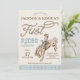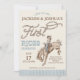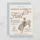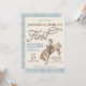 Boys Blue Gray Twins First Rodeo Invitación de primer cumpleaños Invitación de niño dulce de primer rodeo de color gris marrón y azul con tema de primer cumpleaños invitación a los gemelos con un vaquero y un caballo, encabezado de texto con estilo de cuerda y patrón de chapa de búfalo o gingham.
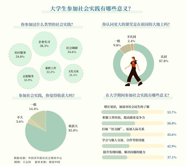 參與實地調(diào)研,開展支教服務(wù),進入企業(yè)實習(xí)……這個夏天,不少大學(xué)生選擇用社會實踐作為暑假的打開方式。日前,中國青年報社社會調(diào)查中心聯(lián)合問卷網(wǎng)(wenjuan.com)發(fā)布的一項有1000名大學(xué)生參與的調(diào)查顯示,82.0%的受訪大學(xué)生認為參加暑期社會實踐收獲大。對于參加社會實踐的意義,53.7%的受訪大學(xué)生認為能增長見識,加深對社會民生的了解,50.0%的受訪大學(xué)生認為能積累工作經(jīng)驗,提高就業(yè)競爭力。87.8%的受訪大學(xué)生認同,更大的課堂是在祖國的大地上。
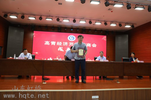 县委常委、统战部部长邵珠泉,开发区党工委副书记、管委会主任赵学民为高青经济开发区商会揭牌。
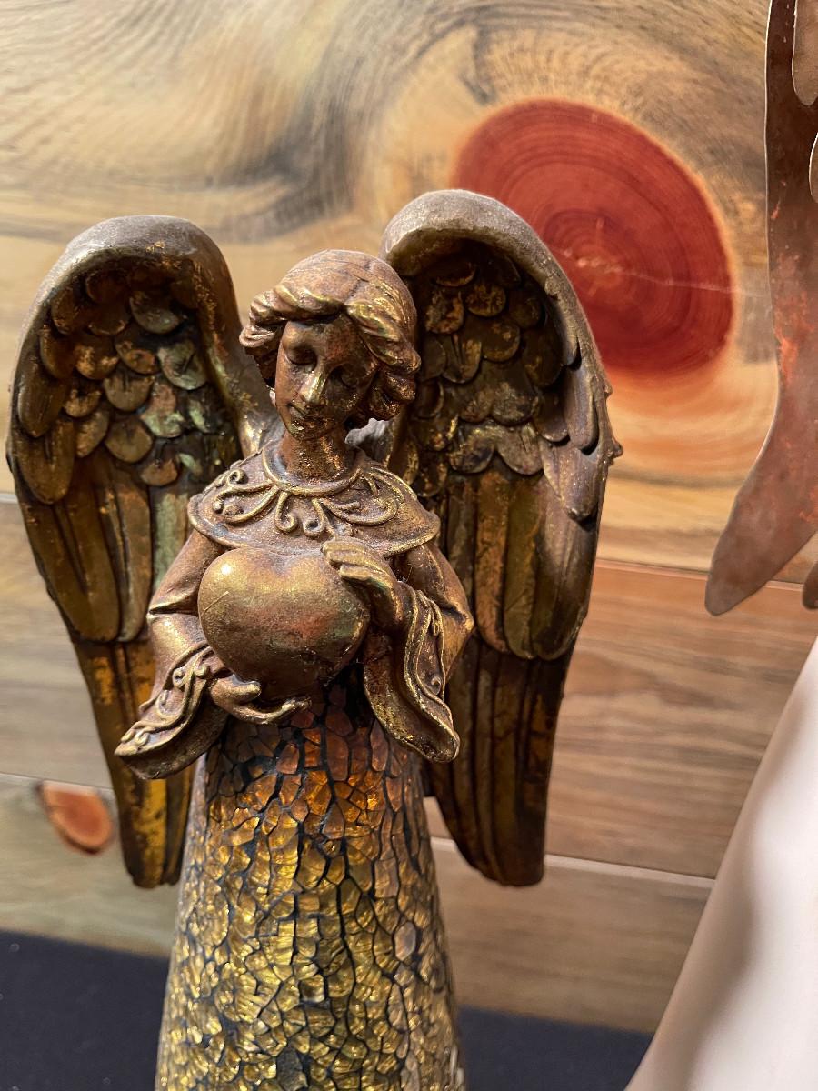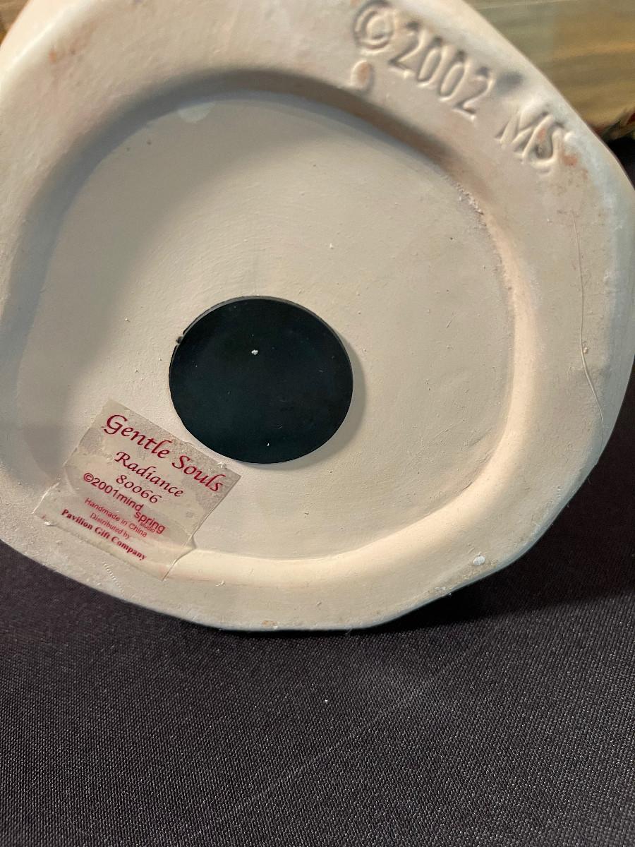 Tall one looks like it has been repaired. Ceramic material. Taller is 19"
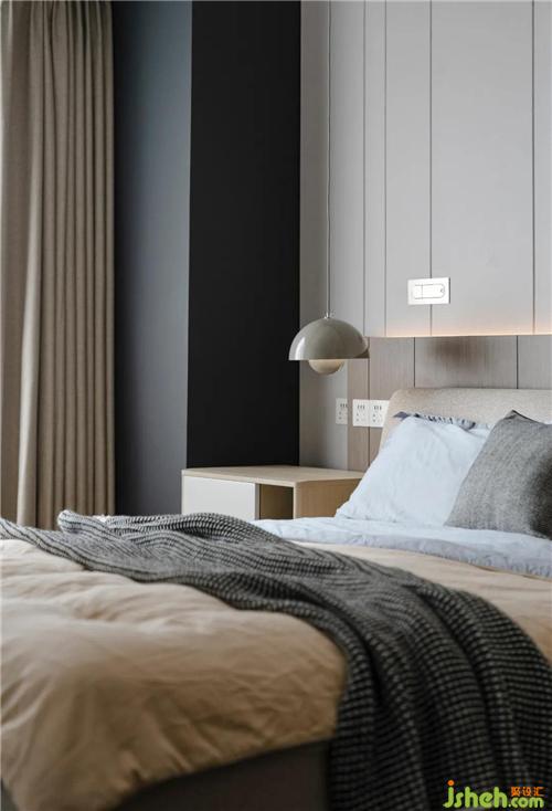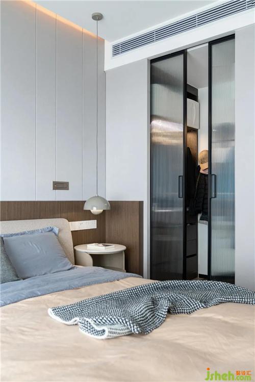 床旁邊的衣帽間是兩組頂天立地的衣柜,收納量很大。
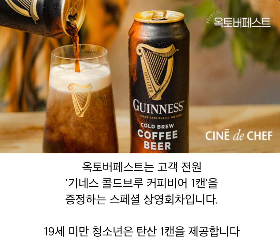 10월 '옥토버'를 맞아 독일 뮌헨의 맥주 축제 옥토버페스트처럼, 옥토버페스트 특가 기간 동안 씨네드쉐프 관람객 전원에게 '기네스 콜드브루 맥주'를 증정하는 행사였습니다.
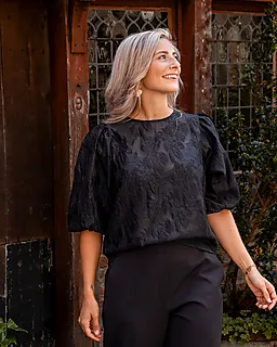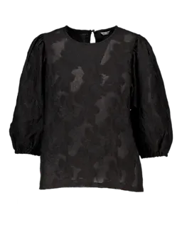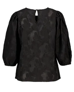 Ce chemisier noir pour femme a un col rond et est fait dans un tissu jacquard avec un motif discret. Les manches sont mi-longues, larges et munies d’un élastique pour plus de confort. Le chemisier se ferme dans le dos avec un petit bouton. Convient pour une tenue habillée ou décontractée. Facile à assortir et agréable à porter.
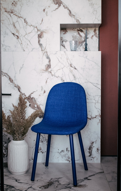 Z elegantnim dizajnom in mehkimi oblazinjenji je lahko minimalističen, trendovski modri stol prava izbira za ustvarjanje »hygge« kotička. Modra barva bo dodala občutek umirjenosti in harmonije v vašem prostoru.
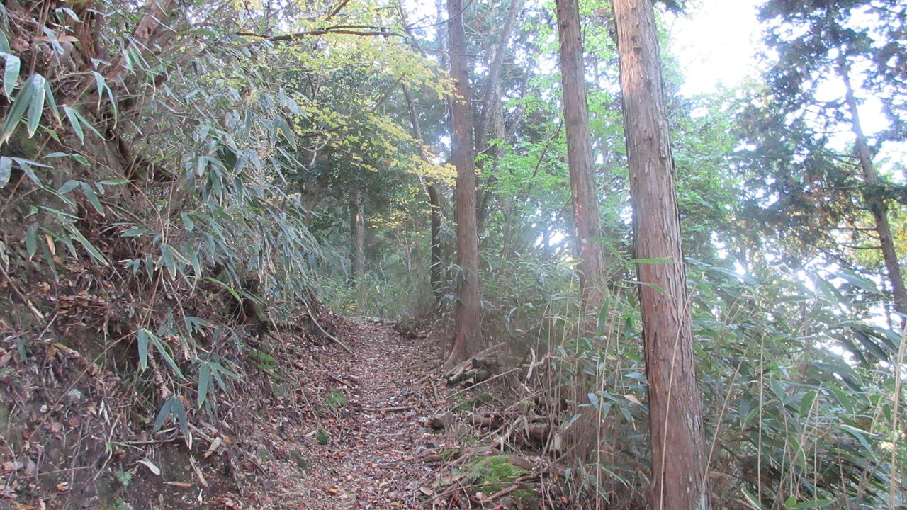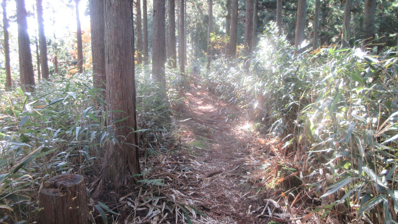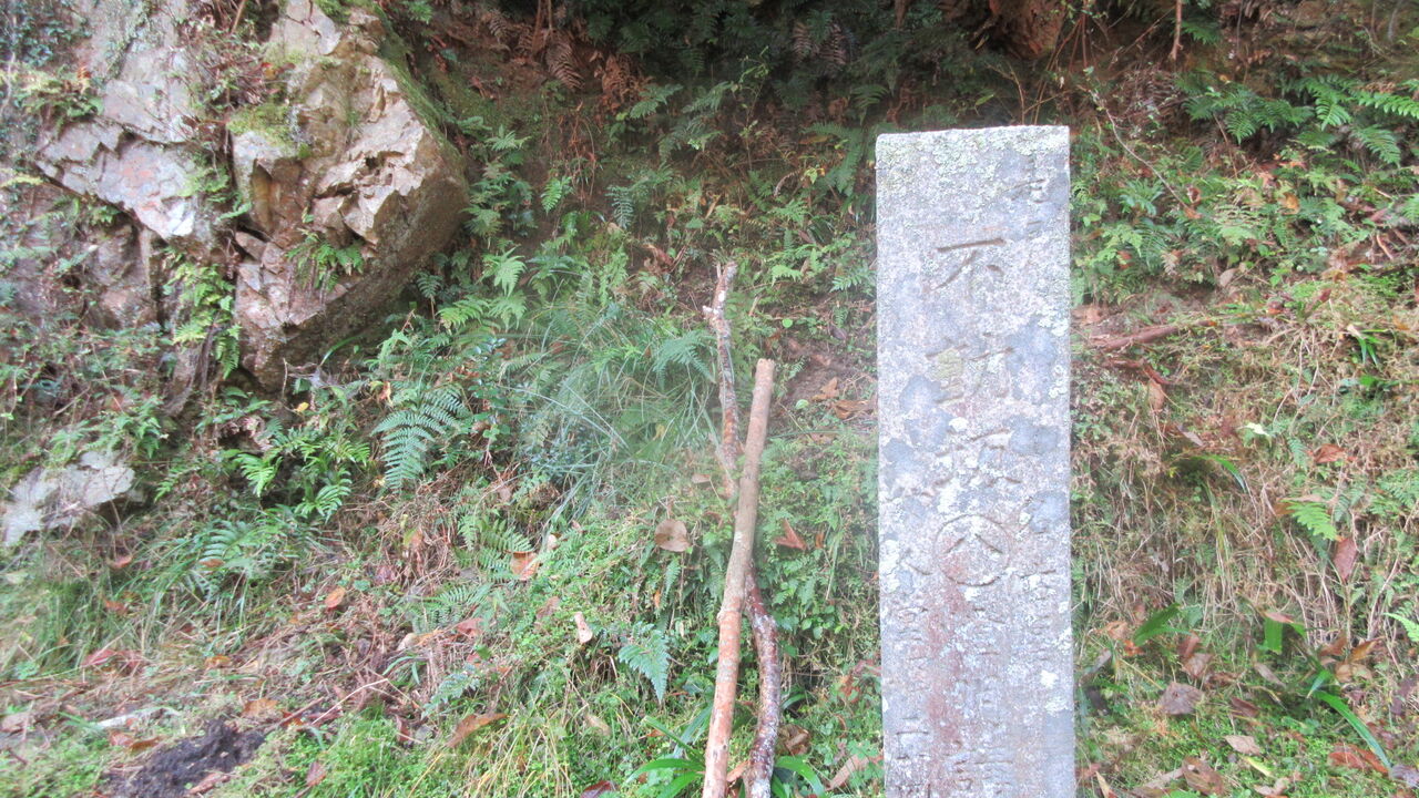 この看板から、舗装された新・不動坂から復元ルートの山道へ。

____________________

Requirement =>
Only the lines from the one containing "參與實地調(diào)研,開" through the end of the records are wanted, set down exactly and without their pictures.

Finished task =>
 參與實地調(diào)研,開展支教服務(wù),進入企業(yè)實習(xí)……這個夏天,不少大學(xué)生選擇用社會實踐作為暑假的打開方式。日前,中國青年報社社會調(diào)查中心聯(lián)合問卷網(wǎng)(wenjuan.com)發(fā)布的一項有1000名大學(xué)生參與的調(diào)查顯示,82.0%的受訪大學(xué)生認為參加暑期社會實踐收獲大。對于參加社會實踐的意義,53.7%的受訪大學(xué)生認為能增長見識,加深對社會民生的了解,50.0%的受訪大學(xué)生認為能積累工作經(jīng)驗,提高就業(yè)競爭力。87.8%的受訪大學(xué)生認同,更大的課堂是在祖國的大地上。
 县委常委、统战部部长邵珠泉,开发区党工委副书记、管委会主任赵学民为高青经济开发区商会揭牌。
 Tall one looks like it has been repaired. Ceramic material. Taller is 19"
 床旁邊的衣帽間是兩組頂天立地的衣柜,收納量很大。
 10월 '옥토버'를 맞아 독일 뮌헨의 맥주 축제 옥토버페스트처럼, 옥토버페스트 특가 기간 동안 씨네드쉐프 관람객 전원에게 '기네스 콜드브루 맥주'를 증정하는 행사였습니다.
 Ce chemisier noir pour femme a un col rond et est fait dans un tissu jacquard avec un motif discret. Les manches sont mi-longues, larges et munies d’un élastique pour plus de confort. Le chemisier se ferme dans le dos avec un petit bouton. Convient pour une tenue habillée ou décontractée. Facile à assortir et agréable à porter.
 Z elegantnim dizajnom in mehkimi oblazinjenji je lahko minimalističen, trendovski modri stol prava izbira za ustvarjanje »hygge« kotička. Modra barva bo dodala občutek umirjenosti in harmonije v vašem prostoru.
 この看板から、舗装された新・不動坂から復元ルートの山道へ。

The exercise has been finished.